The Military Loved Discord for Gen Z Recruiting. Then the Leaks Began.
Drew Harwell, The Washington Post
Harwell writes: "Defense officials told service members not to ‘post anything in Discord that you wouldn’t want seen by the general public.’ But by then, hundreds of secret documents had already spilled out." 



Defense officials told service members not to ‘post anything in Discord that you wouldn’t want seen by the general public.’ But by then, hundreds of secret documents had already spilled out.


For years, the U.S. military has pushed to meet prospective Generation Z recruits on Discord, the online group-chat tool where many spend their time. It even runs a 17,000-member chatroom there for service members to talk about first-person shooter games, meet with career counselors and participate in what one sergeant in 2019 called the “Army of tomorrow.”

But Defense Department officials have also struggled to confront the risks of how Discord’s closed channels operate — and the ease with which they can be used to expose military intelligence. Last month, in a detailed guide aimed specifically at Discord users, Special Operations Command, which oversees the country’s most elite forces, told service members: “Don’t post anything in Discord that you wouldn’t want seen by the general public.”

By then, hundreds of classified documents had already spilled onto a Discord server frequented by a 21-year-old National Guard airman, Jack Teixeira, who had used the government secrets, interviews and an FBI charging document suggest, to impress the teenagers and 20-somethings who’d joined the chatroom.

That attempt to flex his military status for online approval ended with Teixeira’s arrest Thursday. On Friday, he was charged with two counts of retaining and sharing classified national defense information, punishable by up to 15 years in prison.

But the arrest doesn’t end the dilemma for the military: how to supervise a young workforce that has access to classified secrets but lives much of its life online — including in corners of the internet where many share a fascination with military hardware and an eagerness to show off for strangers and friends. Two-thirds of U.S. military personnel are under the age of 30, with the vast majority of those under 25.

“Young men who may not feel their life gives them cachet and importance, they’re trying to find that online … often by attaching themselves to the gravitas of war and combat,” said James D. Ivory, a Virginia Tech professor who researches the social dimensions of online communities and video games.

Some of them, he said, seek to overcome feelings of isolation and gain clout with their peers by spending time in these small online communities where they may feel they can push the boundaries and build camaraderie — even though the groups offer only the illusion of privacy and control.

“We’re seeing massive security breaches and potential global instability just because someone was insecure about their popularity,” he added, “and wanted people to know they knew cool stuff about the military.”

Video games are one of the most popular forms of media for the 18-to-21-year-olds who are the target for the Defense Department’s recruiting efforts and make up much of its junior ranks. The military sponsors esports tournaments to drive interest and advertises on the popular game-streaming site Twitch.
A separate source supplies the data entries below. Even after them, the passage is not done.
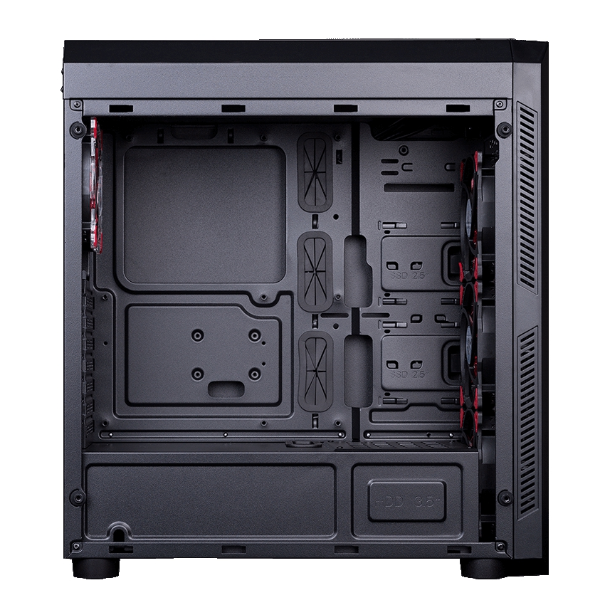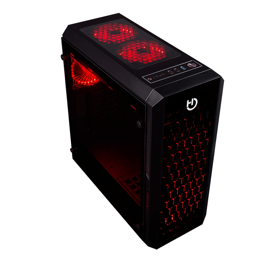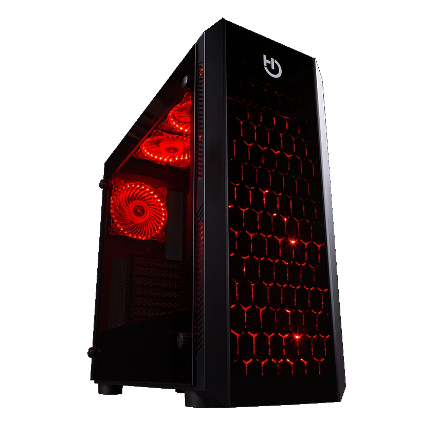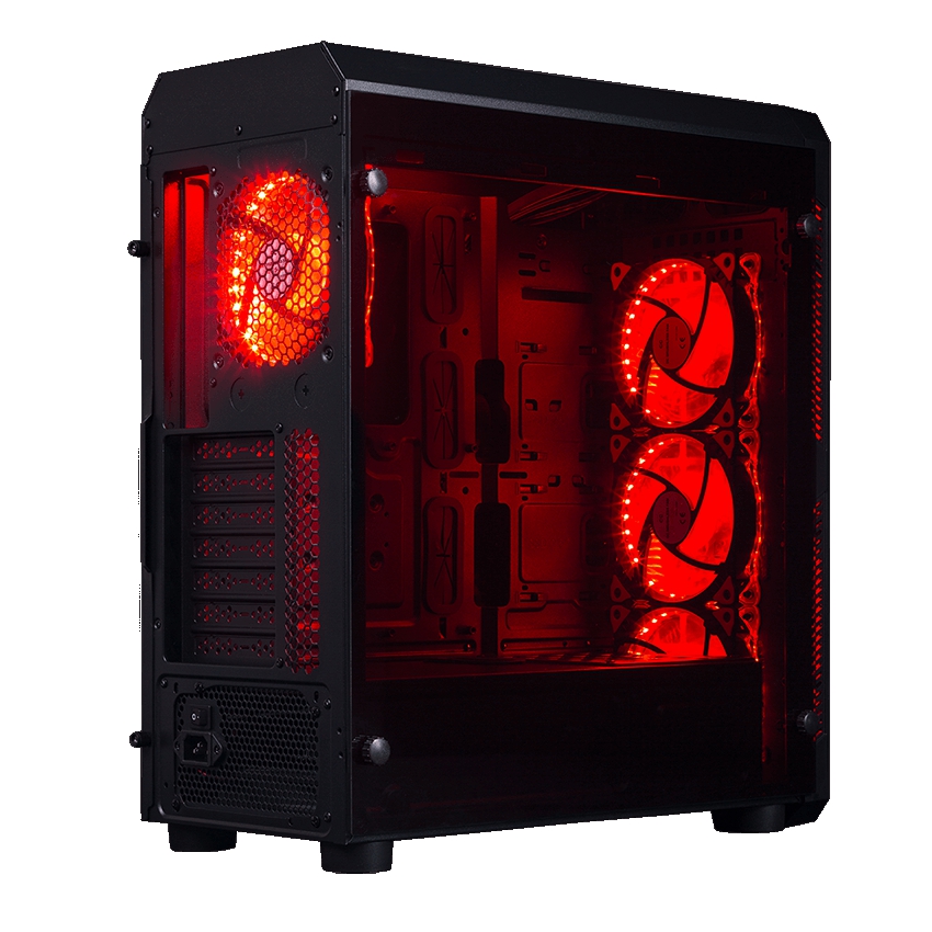 Su espectacular diseño frontal con la potente iluminación de sus ventiladores de 33 leds rojo, robusta fabricación y sus paneles de cristal templado de 4mm son las características ideales para un equipo gamer de alto rendimiento.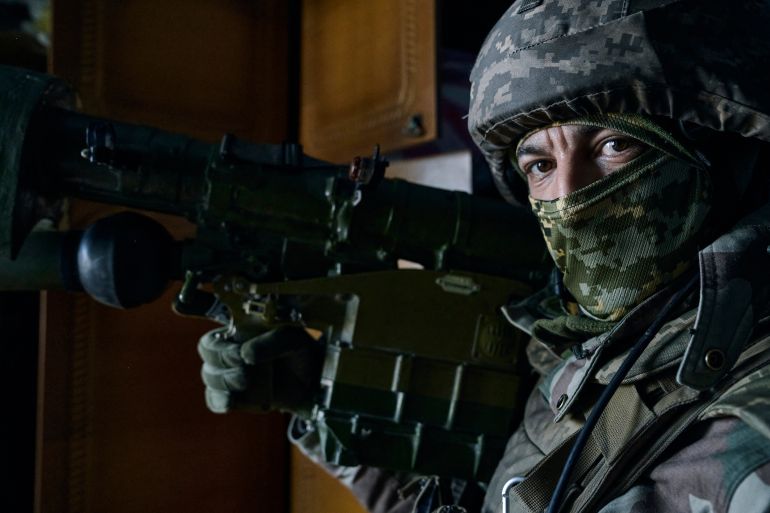 ![A Ukrainian soldier looks at the camera while holding a rocket launcher in Bakhmut, in the Donetsk region, Ukraine, Wednesday, April 26, 2023. His face is covered with a military mask [Libkos/AP]](https://www.aljazeera.com/wp-content/uploads/2023/04/AP23116668778809-1682557933.jpg?resize=770%2C513&quality=80)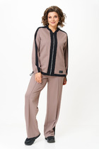 Стильная брючная пара из костюмной ткани на подкладке. Жакет слегка притален, с рельефами по переду и спинке и прорезными карманами с листочками  по переду. Воротник-английский, рукава - двухшовные. Низ переда и спинки жакета асимметричен. Шлица на спинке декорирована пуговицами. Жакет застегивается на пуговицы.  Классические брюки  слегка заужены к низу, с поясом.  Застегиваются на молнию по переду и  одну пуговицу.

Many gamers have flocked to Discord for its fast-moving mix of public and private chatrooms, known as servers, where members can exchange jokes, memes and voice clips in a place largely invisible to the open web. Founded in 2015 in San Francisco, Discord says its 19 million servers attract 150 million active users every month.

Teixeira’s group first met up on a Discord server devoted to Oxide, a YouTube creator known for his gaming clips and detailed breakdowns of combat rifles, body armor and military loadouts. The server, like many on Discord, was frenetic and irreverent: A clip from 2020 shows the room devolving into a chaos of gunfire noises and shouts of “Allahu akbar.”

A close-knit group from that server broke off into its own — named, for a pornographic meme, Thug Shaker Central — where they chatted about guns, games and geopolitics, and exchanged dark and racist jokes, members told The Washington Post.

Teixeira began sharing the documents late last year, FBI investigators said. By last month, a group member had reposted some of them in a separate Discord server, effectively sparking their viral spread.

In the offline world, Teixeira had worked in a relatively low-level IT-focused role as a “cyber transport systems specialist” in the Air National Guard, which gave him access to a computer network hosting top-secret information.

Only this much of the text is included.